Existence of adjoint operators on manifolds

Question

Let $(M,g)$ be an oriented Riemannian manifold and $V$ a finite-rank vector bundle equipped with a non-degenerate bundle metric $\langle\cdot,\cdot\rangle_{V}$. This bundle metric, in turn, gives rise to a non-degenerate bilinear pairing on $\Gamma(V)$ defined by $$\langle\cdot,\cdot\rangle_{\Gamma(V)}=\int\langle\cdot,\cdot\rangle_{V}\,\mathrm{vol}_{g}$$ for every two elements in $\Gamma(V)$ with compactly overlapping support. Now, by non-degeneracy, there is a well-defined injection

$$\Gamma(V)\to\Gamma_{c}^{\prime}(V)$$ $$s\mapsto \mathcal{D}_{s}(\cdot):=\langle s,\cdot\rangle_{\Gamma(V)}$$

I have seen in several occasions that this should imply that for every linear continuous operator $A:\Gamma_{c}(V)\to\Gamma(V)$ there exists a formal adjoint $A^{\dagger}:\Gamma_{c}(V)\to\Gamma(V)$, i.e. for all $s,t\in\Gamma_{c}(V)$:

$$\langle As,t\rangle_{\Gamma(V)}=\langle s,A^{\dagger}t\rangle_{\Gamma(V)}$$

However, I don't see how this is the case. The proof of existence of proper adjoints in the Hilbert space setting is done using the Riesz representation theorem, which requires completeness. This is not the case here, since we are not talking about Hilbert spaces and only consider formal adjoints. Of course, if $A$ is a differential operator, the claim is clear, since we can locally write $A=\sum a_{\alpha}\partial^{\alpha}$ and define the adjoint by Stoke's theorem, but in the general case, I don't see how to show existence.

Answer 1

You prove this as follows: As a first step you show the existence of the formally adjoint differential operator on a small open set $U$. This set $U$ is chosen, such that it carries a chart and such that you can trivialize the bundle $V$ on $U$. Make such a trivialization orthonormal and then write down the equation defining the formally adjoint operator in a chart. The volume form then gives a contribution $\sqrt{\det(g_{ij})}$ as usual. Then standard partial integration in $\mathbb{R}^n$ of the operator $A$ (in coordinates) yields the formally adjoint operator $A^*$ (in coordinates). You have to take into account that the partial integration will also give you contributions from the derivatives of $\sqrt{\det(g_{ij})}$. The formula obtained this way defines a differential operator only on $U$, and a priori the formula might also depend on the coordinates and the trivialization. We now show that the defining equation, i.e. your last displayed equation holds for all $t$ and $s$. This shows the existence of $A^*$ on $U$, denoted in the following as $A_U^*$.

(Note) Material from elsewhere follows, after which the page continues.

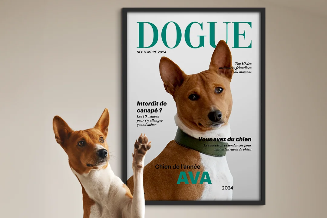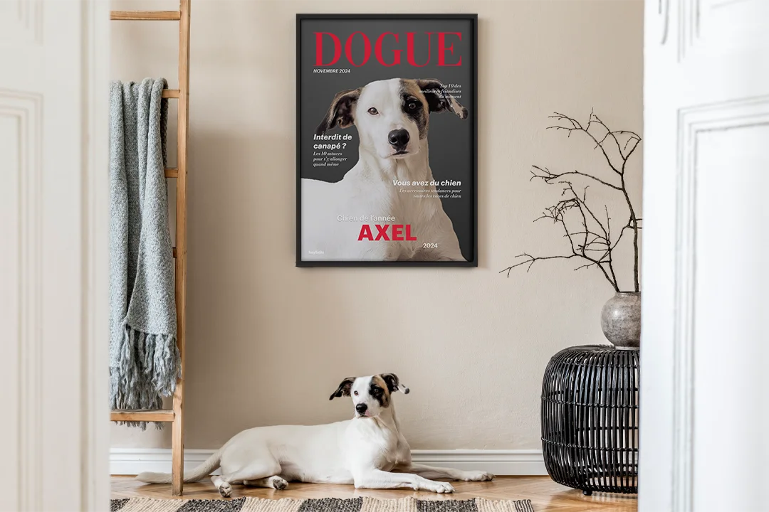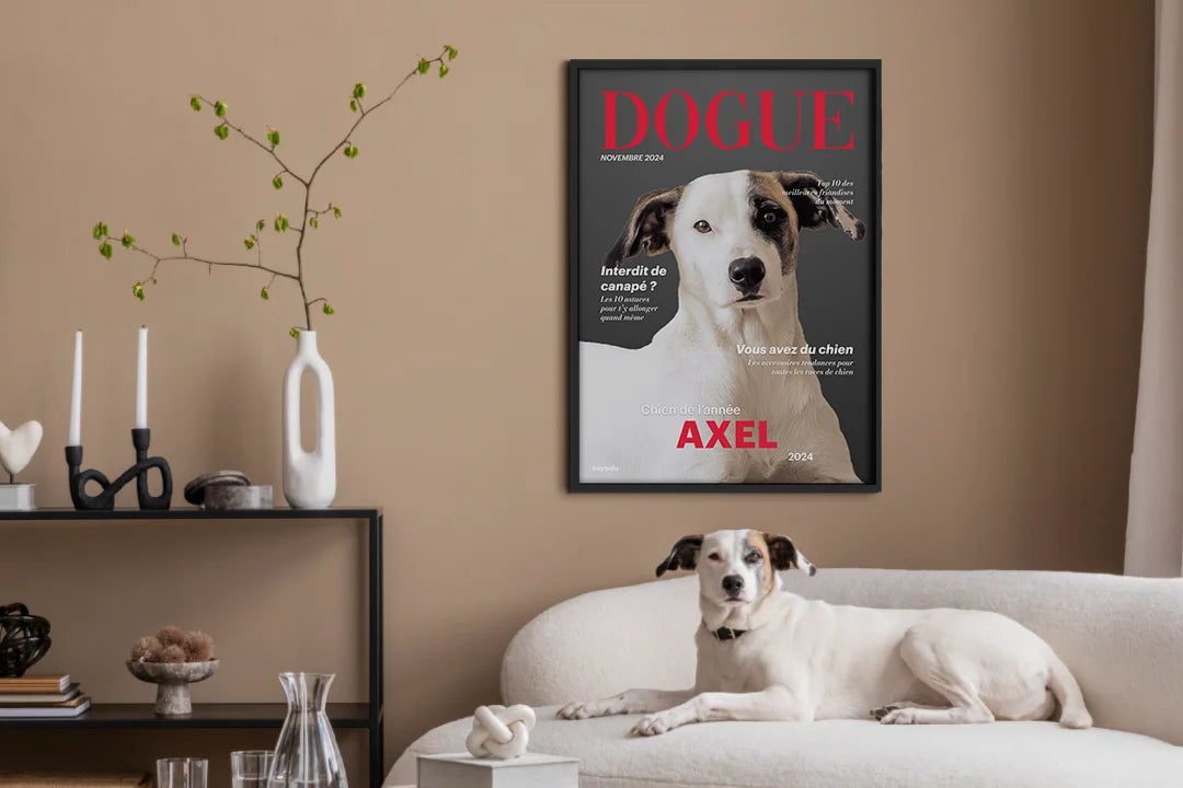 Faites du chien d'un proche une star de couverture. Ce poster "Dogue" est le cadeau personnel parfait et un accroche-regard élégant pour le domicile du destinataire.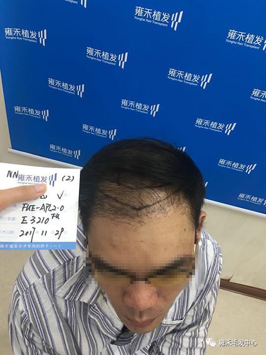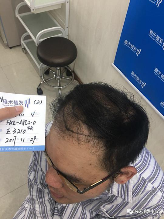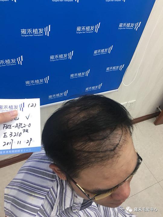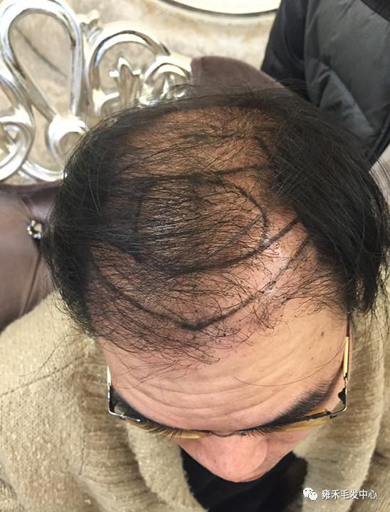 2017年11月29日,他第一次来南宁雍禾植发,呈现出的是一幅邋遢形象,发际往上一巴掌宽是稀疏的裸露头皮,再往上一巴掌宽是黑头发,再往上一巴掌宽到头旋跟前是裸露头皮,怎么头顶两端秃了中间有绺黑头发?

Now as second step take two such open sets $U_1$ and $U_2$ with choices of charts and trivializations which we suppress in notation. Then it is easy to see from the defining equation that the formal adjoints $A_{U_i}^*$ defined via $U_i$, $i=1,2$ agree on $U_1\cap U_2$, more precisely: On $U_1\cap U_2$ we have $A_{U_1}^*=A_{U_2}^*$ as differential operators.

The property in the second step does not only provide uniqueness on small open sets, but it also allows to glue the locally defined operators $A_U^*$ to a globally defined differential operator, which is the requested formally adjoint operator.

Note that this operator is only formally adjoint, it is a different question, whether and how it extends to an adjoint operator, and this extension usually also depends on the type of Sobolev space you use and on possible boundary conditions.